Abstract
Keywords
Introduction
ADHD is a highly prevalent morbid disorder estimated to affect up to 11% of children (Centers for Disease Control and Prevention, 2016). One source of impairment in ADHD is deficits in executive functions (EFDs; Barkley & Murphy, 2010; Biederman et al., 2006; Biederman et al., 2007; Faraone et al., 2006), a group of high-order cognitive functions necessary for goal-directed activities, of which working memory is a prominent component. Working Memory (WM) as well as its predecessor, Freedom From Distractibility (FFD), refers to the ability to hold information in mind for use in complex tasks (Alderson, Kasper, Hudec, & Patros, 2013; Baddeley, 1998). WM deficits are often thought to be core symptoms of ADHD; however, they are not present in all individuals with ADHD and need specialized assessment to be diagnosed. While ADHD is diagnosed with clinical interviews and checklists that rely on behavioral observations, WM deficits can only be assessed through psychometric testing.

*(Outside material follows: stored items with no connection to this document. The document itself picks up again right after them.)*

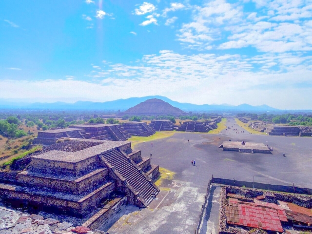 メキシコシティから北東へおよそ50km、車で約1時間。広大な高原に姿を現すのが「テオティワカン遺跡」です。名前の意味は「神々が創られた場所」。紀元前後から7世紀ごろにかけて栄え、最盛期には10万人以上が暮らしたとされる巨大都市。太陽と月、そして死者の道――その名の通り、どこか神秘的な空気が漂います。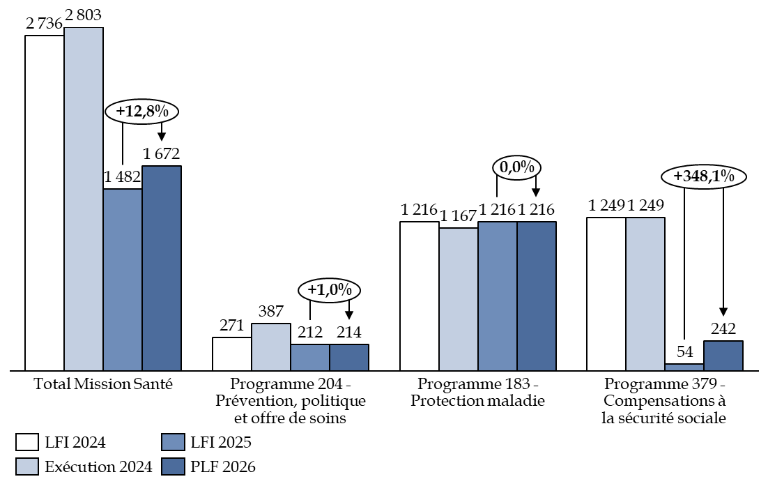 La mission « Santé » représente, en loi de finances initiale (LFI) pour 2026, 1 668,8 millions d'euros en AE et 1 672 millions d'euros en CP, soit une hausse de 10,7 % en AE et de 11 % en CP, représentant 179 millions d'euros en AE et 190,1 millions d'euros en CP.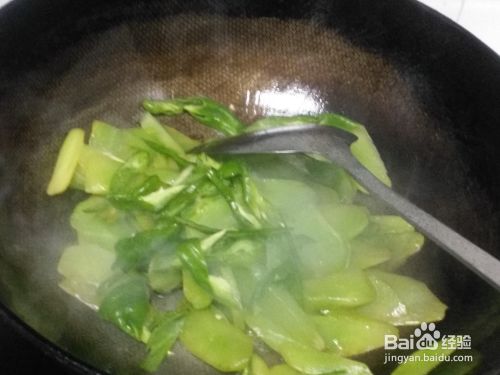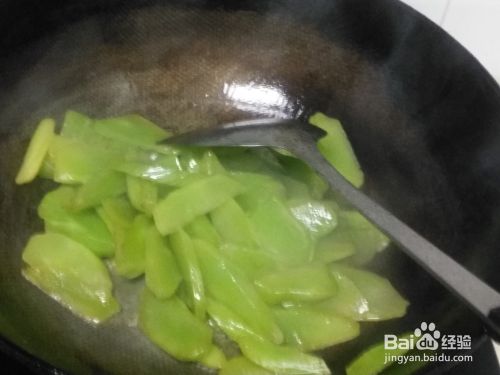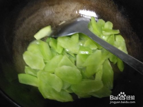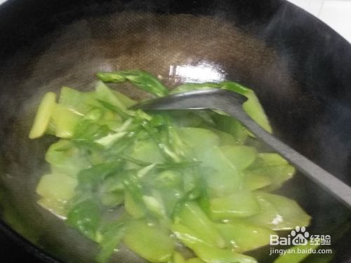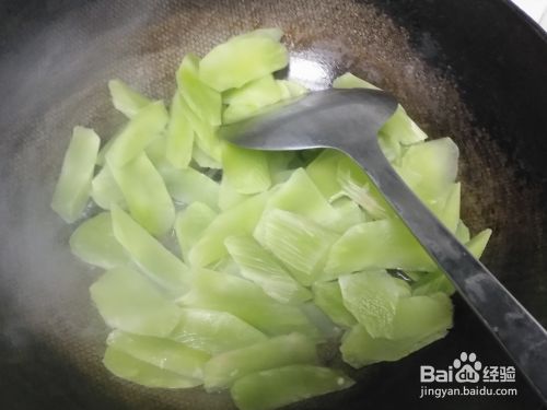 开大火将锅烧热,倒入适量的食用油,将切好的莴笋片倒入油锅之中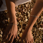 Silver bangle bracelet from the Fragments Collection. Choose the size you prefer as it can be worn on the wrist or on the arm. Tierra II bangle can be worn on the forearm, anywhere between the widest point of the arm and the wrist bone. Its organic form and the details in texture create a unique result.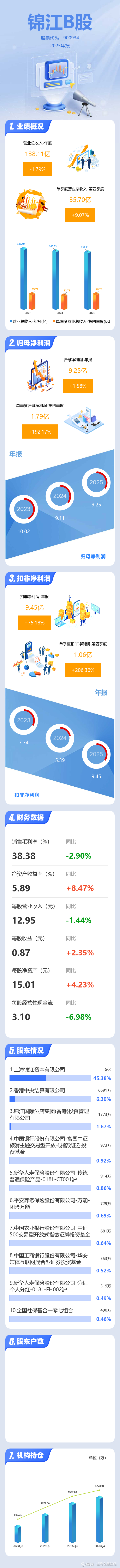 证券之星消息,锦江B股2025年年报显示,当年度公司主营收入138.11亿元,同比下降1.79%;归母净利润9.25亿元,同比上升1.58%;扣非净利润9.45亿元,同比上升75.19%;其中2025年第四季度,公司单季度主营收入35.7亿元,同比上升9.08%;单季度归母净利润1.79亿元,同比上升192.17%;单季度扣非净利润1.06亿元,同比上升206.36%;负债率64.55%,投资收益3.1亿元,财务费用6.35亿元,毛利率38.38%。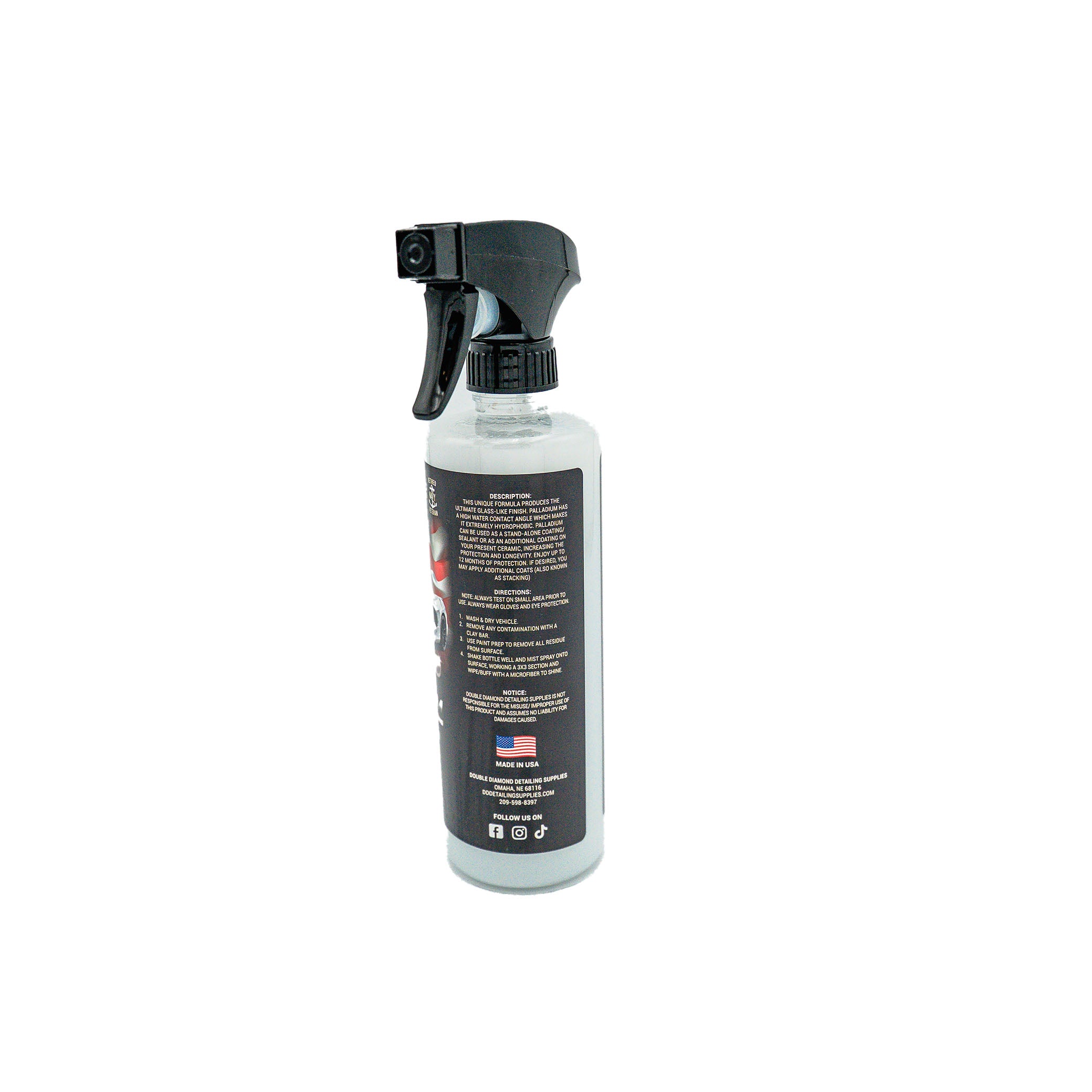 This unique formula produces the ultimate glass-like finish. Palladium has a high water contact angle which makes it extremely hydrophobic. Palladium can be used as a stand-alone coating/sealant or as an additional coating on your present ceramic, increasing the protection and longevity. Enjoy up to 12 months of protection. If desired, you may apply additional coats (also known as stacking). This ceramic spray sealant is also great for Boats and RV’s. It provides a high shine and UV protection up to 8 months. Palladium is extremely hydrophobic forcing water off the surface, in turn minimizing hard water spots.

Because of its importance in learning and everyday tasks, WM deficits can be expected to have a wide range of adverse functional consequences when impaired (Alloway & Alloway, 2010). Yet the scope of the adverse outcomes of these deficits within ADHD has not been adequately investigated. A better understanding of the impact of WM deficits in ADHD has important implications. Insights about the morbidity of WM deficits and ADHD will first encourage clinicians managing children with ADHD to assess WM deficits with psychometric testing. Such information can help further define a homogeneous subgroup of ADHD patients with unique neurobiological underpinnings and identify more specific presentations of the disorder. Moreover, because pharmacological treatments for ADHD have limited impact on WM (Biederman et al., 2008; Matsuura et al., 2014), identification of WM deficits within ADHD will hopefully lead to appropriate targeted interventions (Arnsten, 2009; Biederman et al., 2008; Faraone, 2012; Pietrzak, Mollica, Maruff, & Snyder, 2006; Swanson, Baler, & Volkow, 2011).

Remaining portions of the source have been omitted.